Word for word, restate the lines of the listing below from the line with "這是四川省阿壩藏族羌族自治州紅原縣邛溪鎮(zhèn)熱坤村的蔬菜大棚(8月13日攝,無人機照片)。新華社記者 江宏景 攝" through the line with "Cabina di poppa", and do not include the pictures.

Records provided:

++++++++

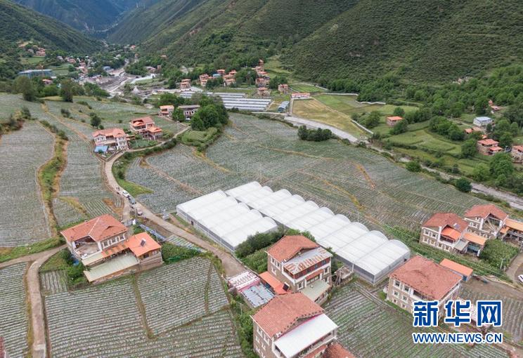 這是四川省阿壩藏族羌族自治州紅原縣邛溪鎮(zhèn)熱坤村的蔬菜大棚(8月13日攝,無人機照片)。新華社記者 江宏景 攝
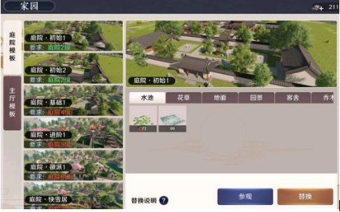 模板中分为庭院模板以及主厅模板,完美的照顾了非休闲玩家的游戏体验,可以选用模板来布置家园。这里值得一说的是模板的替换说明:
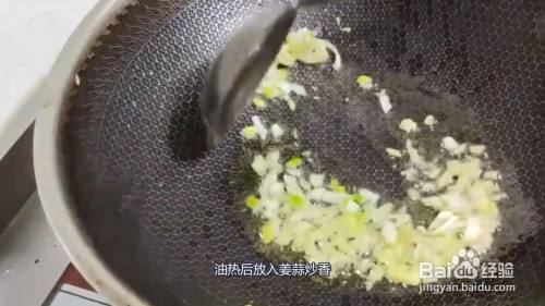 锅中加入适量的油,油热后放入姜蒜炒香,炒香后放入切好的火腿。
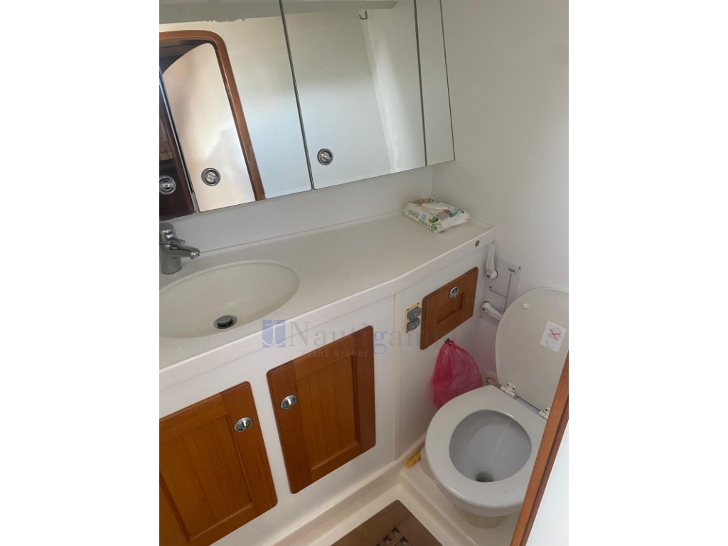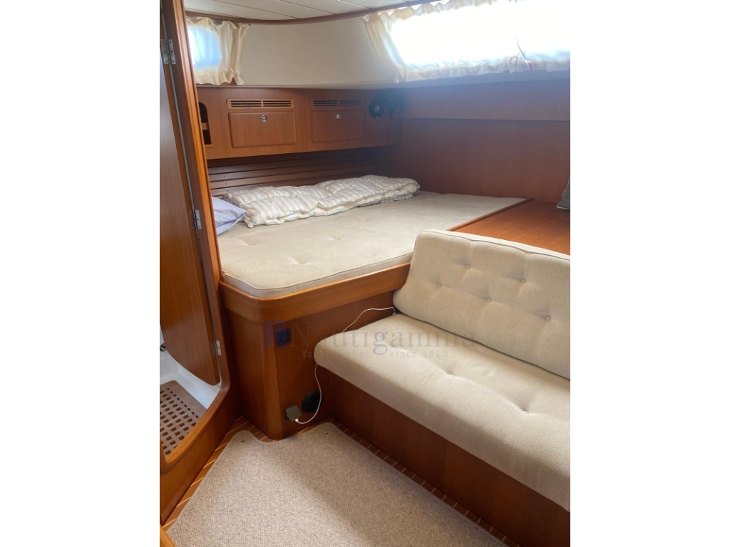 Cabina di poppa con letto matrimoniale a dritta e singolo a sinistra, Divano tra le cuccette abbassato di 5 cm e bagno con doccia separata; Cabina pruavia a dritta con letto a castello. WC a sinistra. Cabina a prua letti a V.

++++++++

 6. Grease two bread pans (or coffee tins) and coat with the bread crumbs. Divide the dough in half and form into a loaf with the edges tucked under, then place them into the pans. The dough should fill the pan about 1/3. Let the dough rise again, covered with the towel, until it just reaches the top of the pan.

++++++++

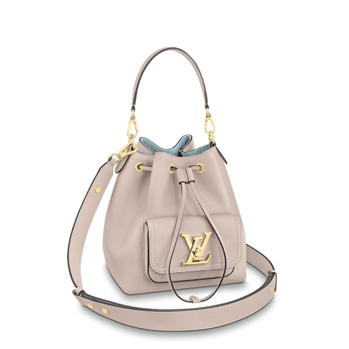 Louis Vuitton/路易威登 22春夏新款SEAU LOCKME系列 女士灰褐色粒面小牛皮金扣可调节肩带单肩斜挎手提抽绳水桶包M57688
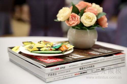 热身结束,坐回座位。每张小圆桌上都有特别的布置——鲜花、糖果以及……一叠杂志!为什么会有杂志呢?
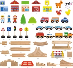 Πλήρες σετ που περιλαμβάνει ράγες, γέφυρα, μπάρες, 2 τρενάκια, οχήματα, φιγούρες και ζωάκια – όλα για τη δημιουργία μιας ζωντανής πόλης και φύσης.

++++++++

Output below:
 這是四川省阿壩藏族羌族自治州紅原縣邛溪鎮(zhèn)熱坤村的蔬菜大棚(8月13日攝,無人機照片)。新華社記者 江宏景 攝
 模板中分为庭院模板以及主厅模板,完美的照顾了非休闲玩家的游戏体验,可以选用模板来布置家园。这里值得一说的是模板的替换说明:
 锅中加入适量的油,油热后放入姜蒜炒香,炒香后放入切好的火腿。
 Cabina di poppa con letto matrimoniale a dritta e singolo a sinistra, Divano tra le cuccette abbassato di 5 cm e bagno con doccia separata; Cabina pruavia a dritta con letto a castello. WC a sinistra. Cabina a prua letti a V.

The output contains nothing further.